LGBT Rights in Colombia - Social Cleansing: Early 1990s

Social Cleansing: Early 1990s

See also: Human rights in Colombia

Since the 1980s, amid widespread violence in Colombia, many gay, lesbian, and transgendered Colombians, along with thousands of other adults and children considered "human waste," "disposable people" (desechables), have been the victims of assault, extortion, torture, and murder. For example, Grupo de Ambiente, a now-defunct gay-rights group, documented "328 murders by death squads (paramilitary groups) of lesbians and gay men between 1986 and 1990. Many of the bodies found showed signs of torture and mutilation."

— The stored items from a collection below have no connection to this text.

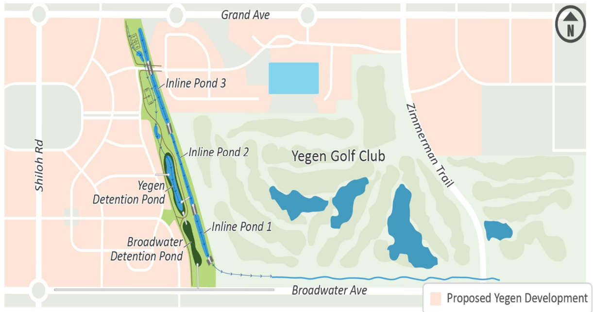
Figure 2: Initial Concept Level Figure
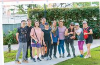
Our School Leaders and the wonderful people of our Parents Support Group making things happen!
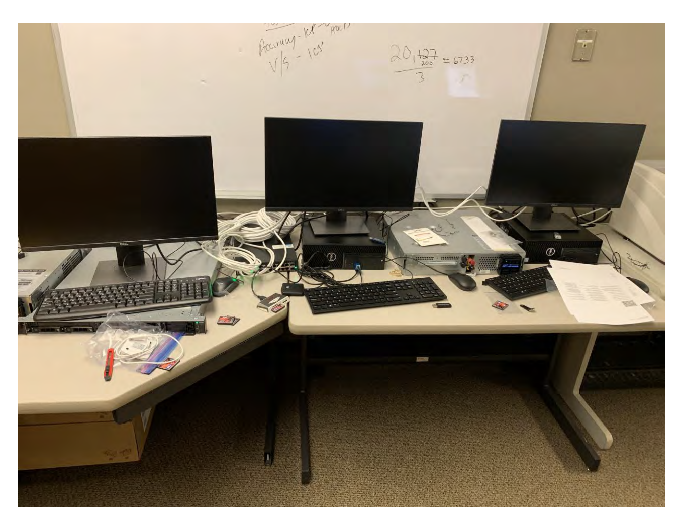
Photograph 2: EMS Standard Configuration
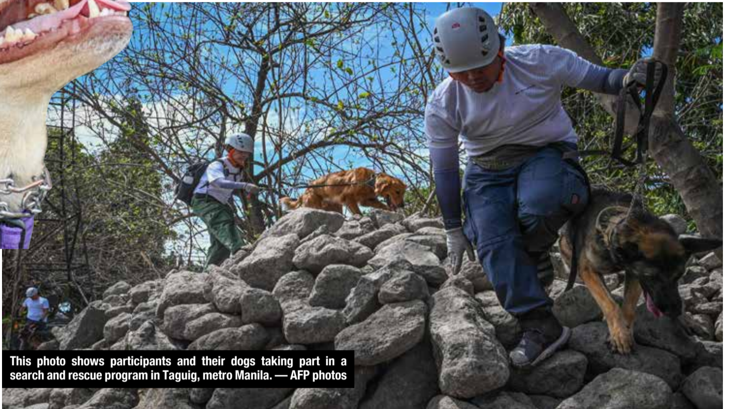
This photo shows participants and their dogs taking part in a search and rescue program in Taguig, metro Manila.
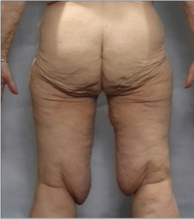
Figure 3: An MWL patient prior to a medial thigh lift

According to one report, in June 1992, in a town on the outskirts of Medellín, five gay men were taken from a gay bar and killed with submachine guns by a group of men. And in July 1994, human-rights lawyer Juan Pablo Ordóñez reported that "around 7,000 of the 40,000 murders in Colombia last year were right-wing death-squad 'cleansings' of gays, transvestites and prostitutes." Ordóñez subsequently was forced to flee for his safety to the United States after alleged persecution by Colombian police. According to a 1996 report by Ordóñez and Elliott, a Canadian lawyer,

Sexual minorities have become targets of the phenomenon known as "social cleansing" - the frequent, and often systematic, murder of those groups commonly referred to in Colombian society as "disposables": street children, vagrants, prostitutes, homosexuals and transvestites, and suspected petty criminals. The perpetrators point to an ineffective judicial system, and play to widespread fears about public safety, to "justify" their actions as "protecting" or "cleaning up" society, secure in the knowledge that they will never face prosecution or punishment for beating, torturing and murdering those who live on the social and economic fringes of Colombian society.